» **Work instructions**: Everything below from the line with "實木落地置物架客廳角櫃墻角收納架簡易拐角儲物書櫃轉角書架" through the line with "La Prof.ssa Ing." must be retyped exactly, except the pictures.
___ Given data ___
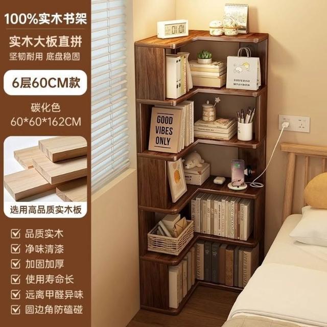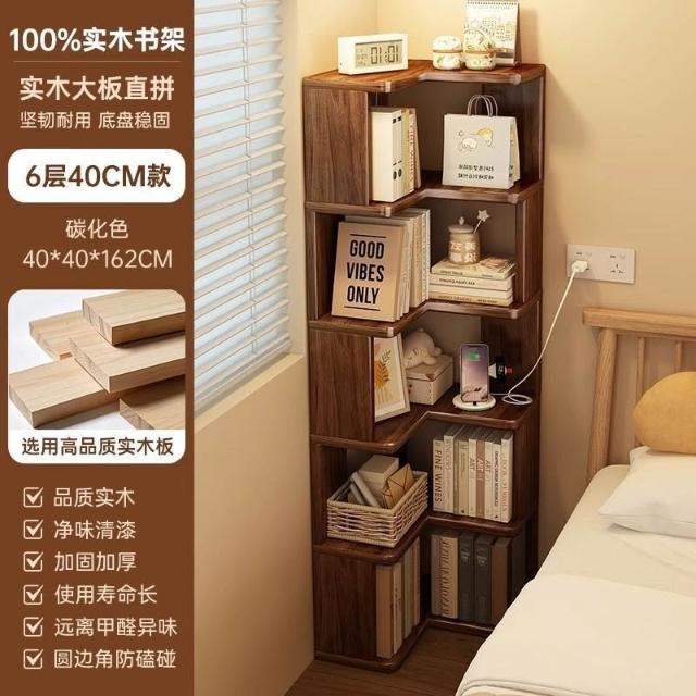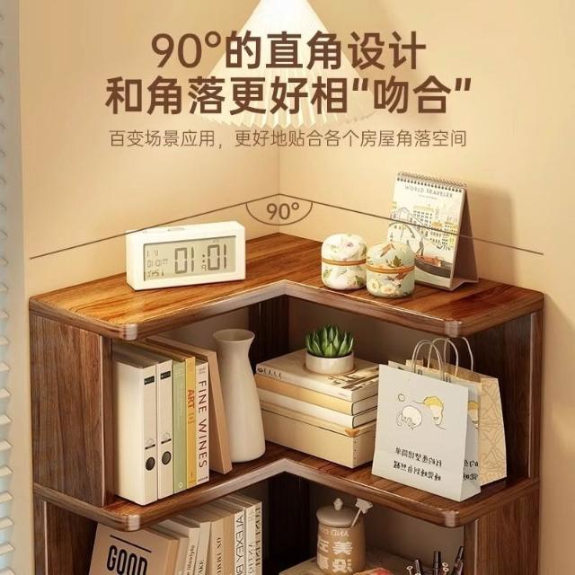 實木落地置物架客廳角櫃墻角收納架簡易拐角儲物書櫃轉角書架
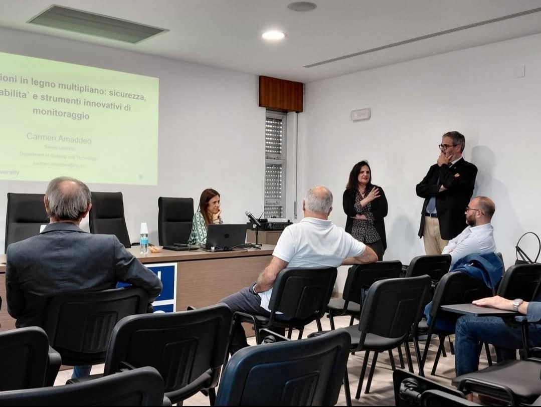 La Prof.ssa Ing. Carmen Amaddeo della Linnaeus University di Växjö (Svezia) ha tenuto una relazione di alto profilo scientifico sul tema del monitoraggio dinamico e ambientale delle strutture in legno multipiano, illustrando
___
___ Given data ___
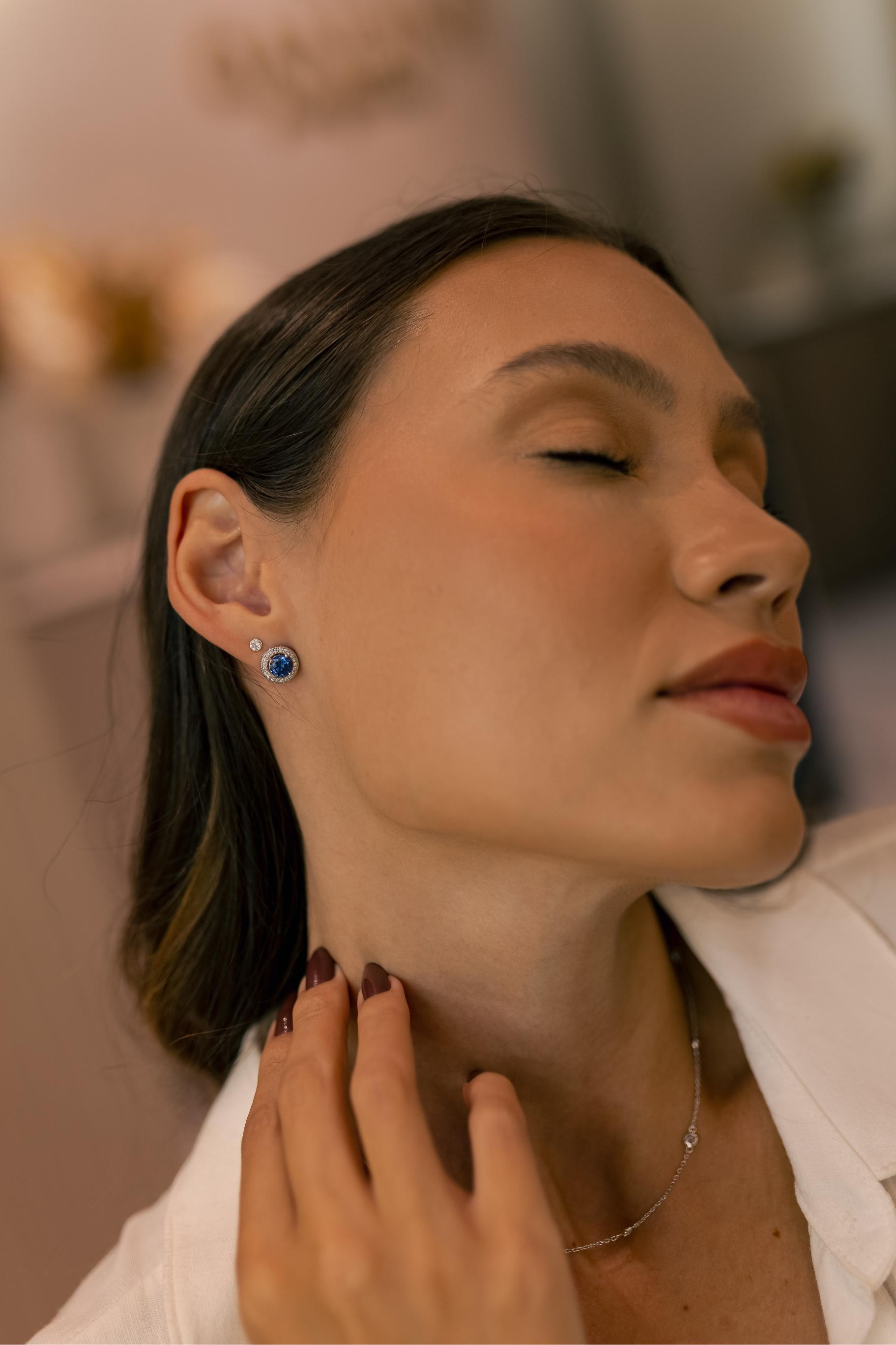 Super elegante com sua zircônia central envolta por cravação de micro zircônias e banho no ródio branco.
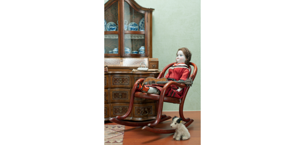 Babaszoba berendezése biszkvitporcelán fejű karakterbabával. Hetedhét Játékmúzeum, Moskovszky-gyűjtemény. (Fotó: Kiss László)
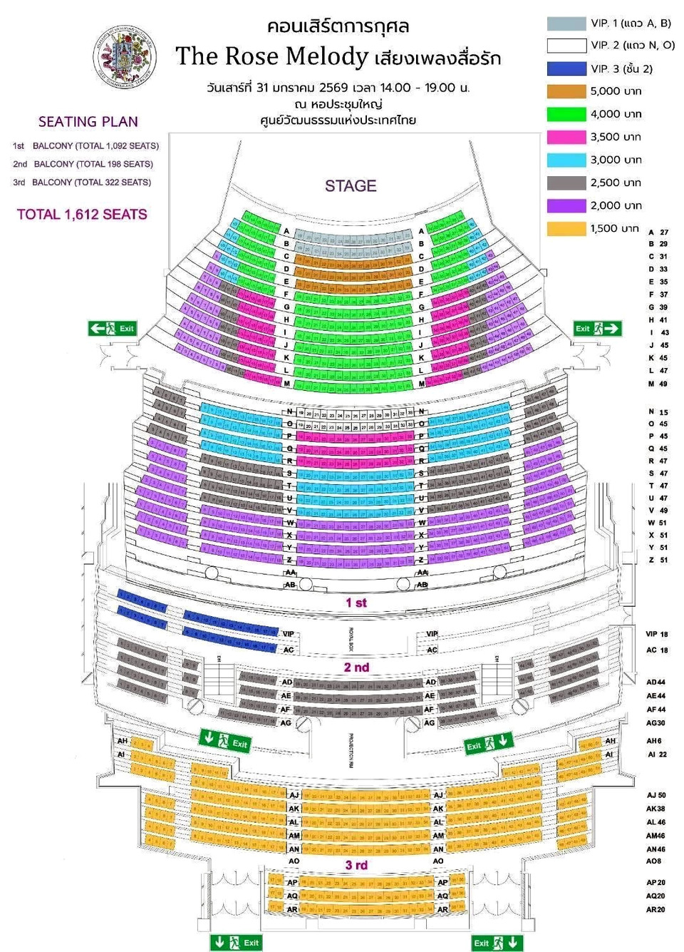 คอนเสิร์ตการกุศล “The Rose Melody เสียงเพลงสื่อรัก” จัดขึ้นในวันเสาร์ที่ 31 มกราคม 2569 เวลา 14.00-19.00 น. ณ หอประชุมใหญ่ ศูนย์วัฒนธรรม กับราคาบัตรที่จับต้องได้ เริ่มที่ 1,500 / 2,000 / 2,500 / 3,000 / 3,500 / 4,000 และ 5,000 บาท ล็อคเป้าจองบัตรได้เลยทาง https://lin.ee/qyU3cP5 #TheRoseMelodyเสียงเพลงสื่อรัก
___
» **Output for this exercise**:
 實木落地置物架客廳角櫃墻角收納架簡易拐角儲物書櫃轉角書架
 La Prof.ssa Ing. Carmen Amaddeo della Linnaeus University di Växjö (Svezia) ha tenuto una relazione di alto profilo scientifico sul tema del monitoraggio dinamico e ambientale delle strutture in legno multipiano, illustrando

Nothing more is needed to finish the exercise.